In my personal experience a lot of the people involved in Facebook Russian influence operations are post Soviet exodus diaspora boomers. They share the content produced by the troll farms.

lurk2 2 hours ago | parent [-]

Interesting. The extent of Russian influence I noticed peaked in the Spring of 2016. Lots of self-professed fascists were converting to East Orthodox Christianity and subscribing to the idea that Russia, Iran, North Korea, and China formed some of the last governments on earth not controlled by a Rothschild-owned central bank.

I know of a few defectors who ended up there; one was an American that went by the name of “Texas,” while another one was a Canadian who moved there to be a farmer in hopes of protecting his family from what he saw as degenerate values being propagated by the Canadian education system. Texas was supposedly murdered by Russian soldiers while operating with Kremlin-aligned militias in the Donbas region. The Canadian is still living in Russia and has a YouTube channel.

I suspected a regular rotation of Kremlin agents were on /pol/ during the Syrian Civil War. Russian sentiment was generally far more positive prior to the invasion. It’s possible this was all organic and just collapsed as people saw what they did to Ukraine; I really have no idea.

Frog Twitter for their part pivoted on Russia quite quickly in the early 2020s, around the time Thiel was buying out podcasts.

throwaway48476 an hour ago | parent [-]

Moving to Russia is an extreme outlier. These people exist but there's only a dozen or so. Numbers are not much different than the late Soviet era. In the 1920s thousands of Americans moved to Russia to build communism. Many also came back disillusioned, or died in a gulag.
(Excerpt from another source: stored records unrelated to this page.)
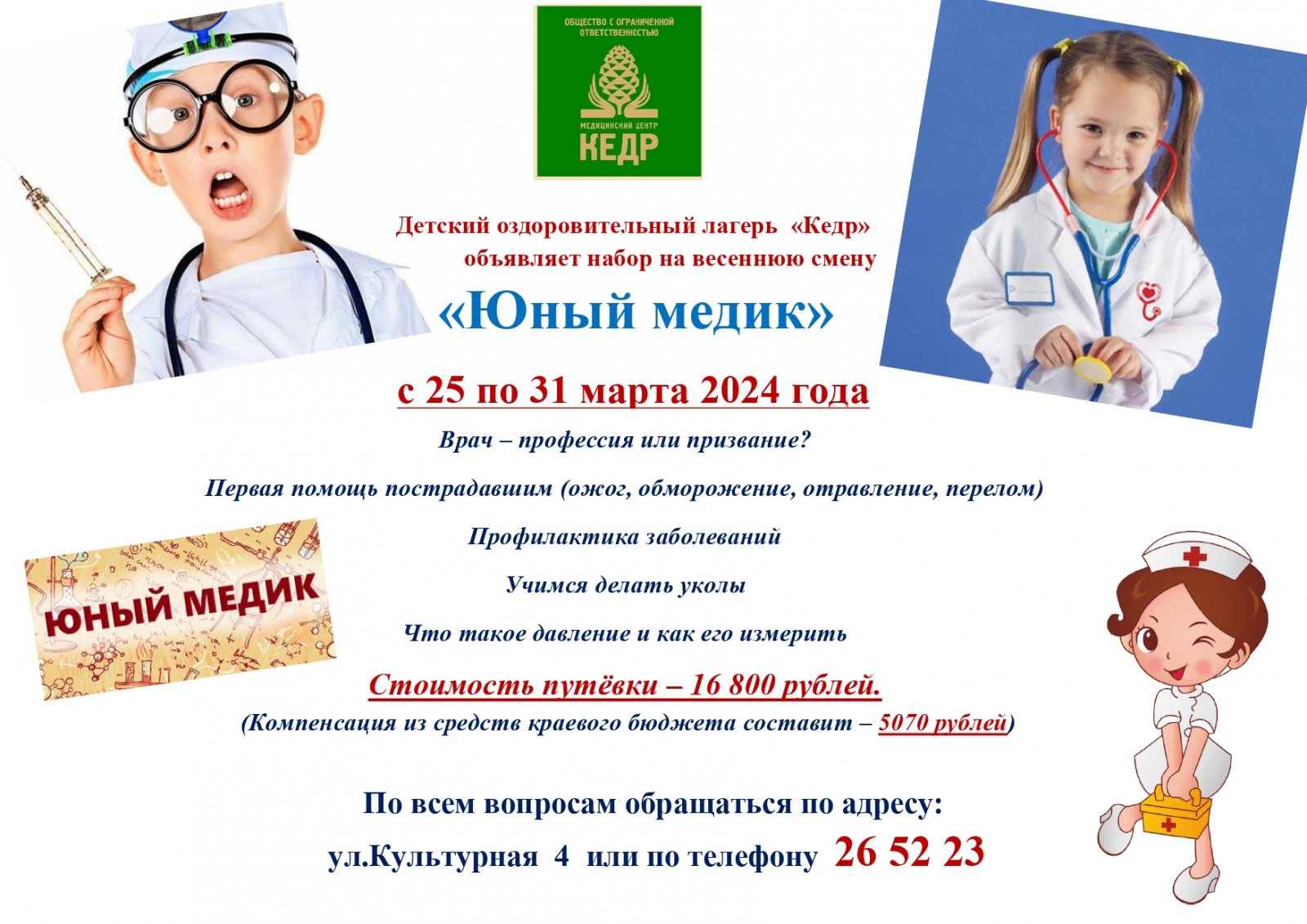 С 25 по 31 марта детский оздоровительный лагерь «Кедр» проводит весеннюю смену «Юный медик». Ребята узнают о первой помощи пострадавшим (ожог, обморожение, отравление, перелом), профилактике заболеваний, научатся делать уколы, измерить давление.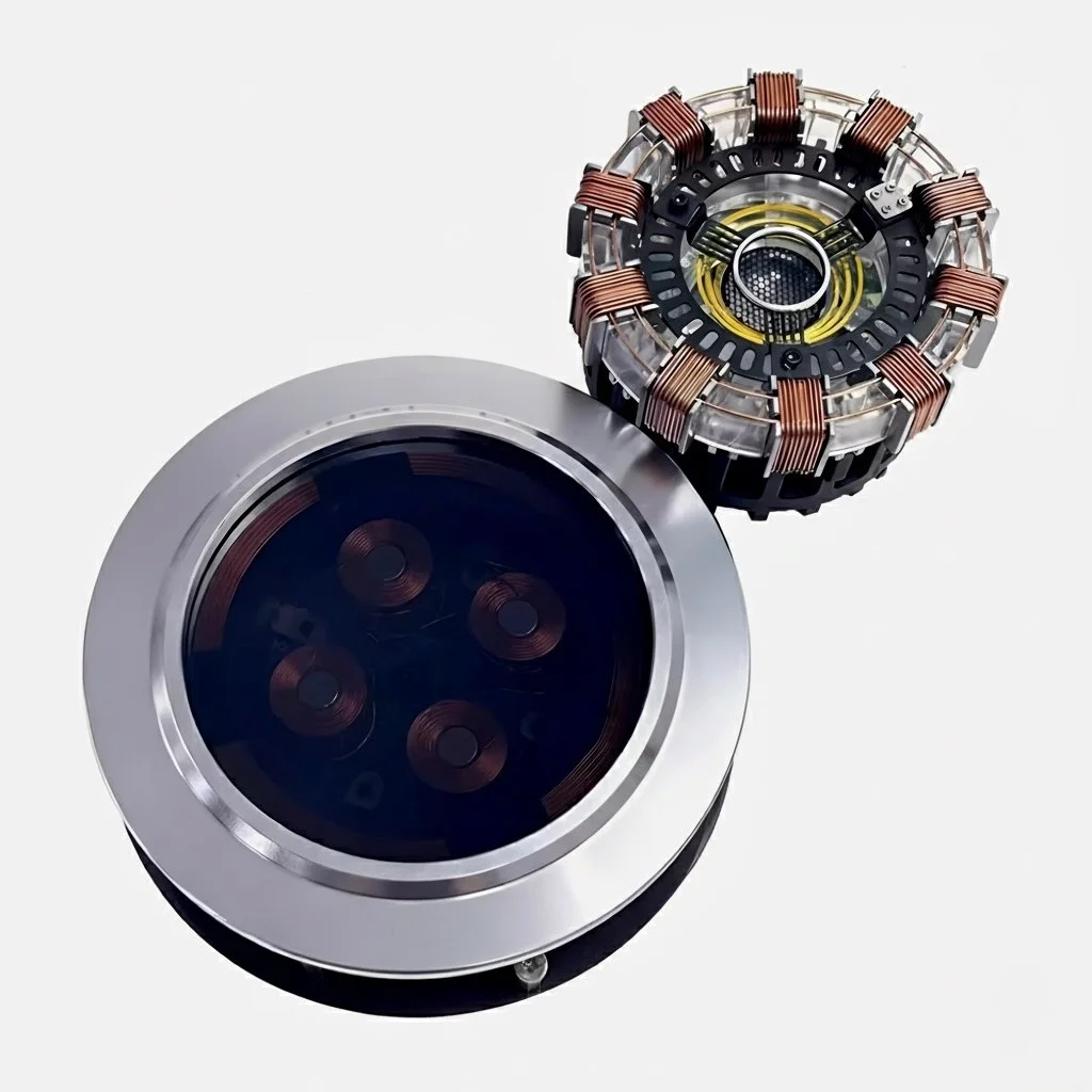 The transparent base houses electromagnetic coils that generate a controlled magnetic field. Once positioned, the reactor core locks into balance and begins floating. Power transfers wirelessly to illuminate the LEDs, creating a floating, rotating arc reactor effect that feels both futuristic and educational.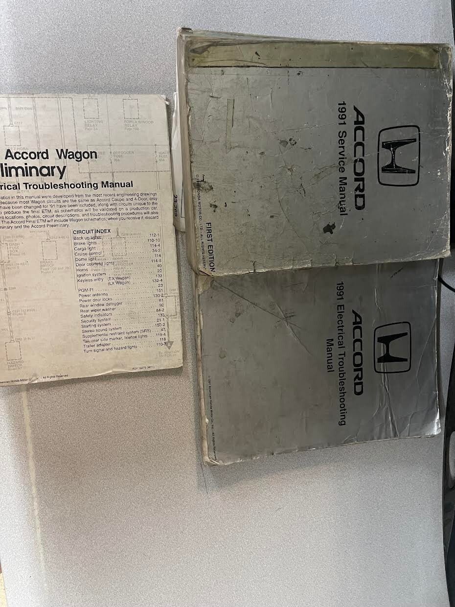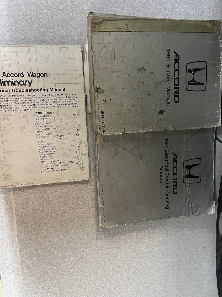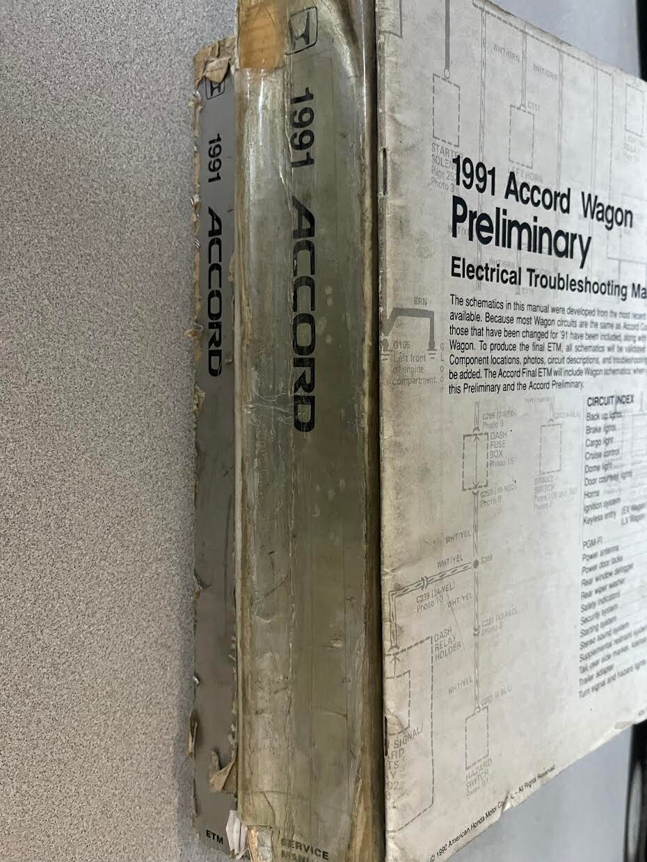 1991 Honda Accord Factory Service Manual, 1991 Honda Accord Manuale di risoluzione dei problemi elettrici e Manuale di cablaggio preliminare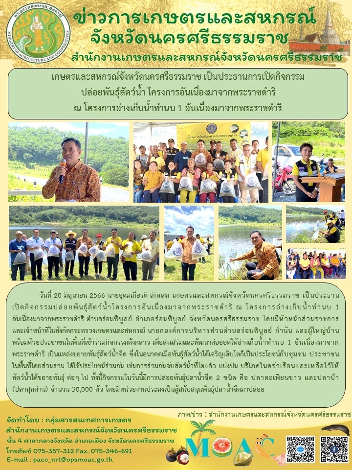 วันที่ 20 มิถุนายน 2566 นายอุดมเกียรติ เกิดสม เกษตรและสหกรณ์จังหวัดนครศรีธรรมราช เป็นประธาน เปิดกิจกรรมปล่อยพันธุ์สัตว์น้ำโครงการอันเนื่องมาจากพระราชดำริ ณ โครงการอ่างเก็บน้ำทำนบ 1 อันเนื่องมาจากพระราชดำริ ตำบลร่อนพิบูลย์ อำเภอร่อนพิบูลย์ จังหวัดนครศรีธรรมราช โดยมีหัวหน้าส่วนราชการ และเจ้าหน้าที่ในสังกัดกระทรวงเกษตรและสหกรณ์ นายกองค์การบริหารส่วนตำบลร่อนพิบูลย์ กำนัน และผู้ใหญ่บ้าน พร้อมด้วยประชาชนในพื้นที่เข้าร่วมกิจกรรมดังกล่าว เพื่อส่งเสริมและพัฒนาต่อยอดให้อ่างเก็บน้ำทำนบ 1 อันเนื่องมาจากพระราชดำริ เป็นแหล่งขยายพันธุ์สัตว์น้ำจืด ซึ่งในอนาคตเมื่อพันธุ์สัตว์น้ำได้เจริญเติบโตก็เป็นประโยชน์กับชุมชน ประชาชนในพื้นที่โดยส่วนรวม ได้ใช้ประโยชน์ร่วมกัน เช่นการร่วมกันจับสัตว์น้ำที่โตแล้ว แบ่งปัน บริโภคในครัวเรือนและเหลือไว้ให้ สัตว์น้ำได้ขยายพันธุ์ ต่อๆ ไป ทั้งนี้กิจกรรมในวันนี้มีการปล่อยพันธุ์ปลาน้ำจืด 2 ชนิด คือ ปลาตะเพียนขาว และปลาบ้า (ปลาสุลต่าน) จำนวน 30,000 ตัว โดยมีหน่วยงานประมงเป็นผู้สนับสนุนพันธุ์ปลาน้ำจืดมาปล่อย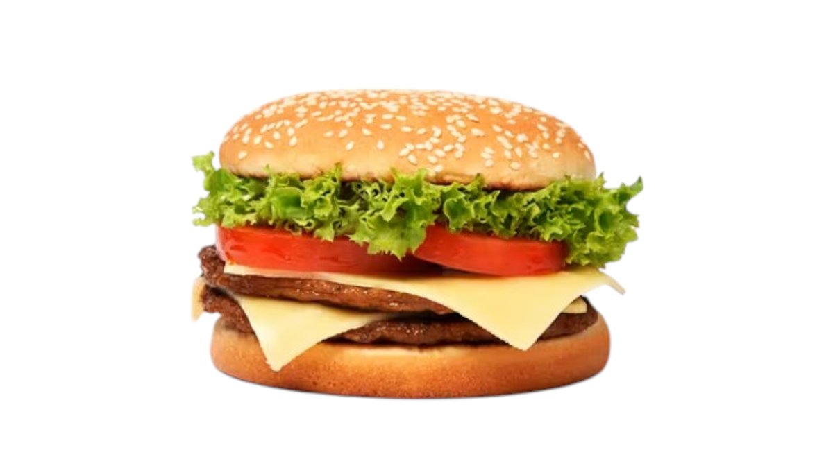 200g mäsovo - syrový burger, 6ks chicken nuggets, 145g hranolky, nápoj

On the other hand there's hundreds of thousands of diaspora Russians, and they're very pro russian. Richard Spencer's ex wife is a good example of this. Overall this is a much bigger impact than the dozen converts or a few thousand half hearted Harper's.

Obviously before the war Russia was less publicly objectionable. In Syria everyone just hated ISIS.

The /pol/ effect is nostalgia for worlds that no longer exist and we're not personally experienced. It's political flavored nostalgia instead of Pokémon collecting.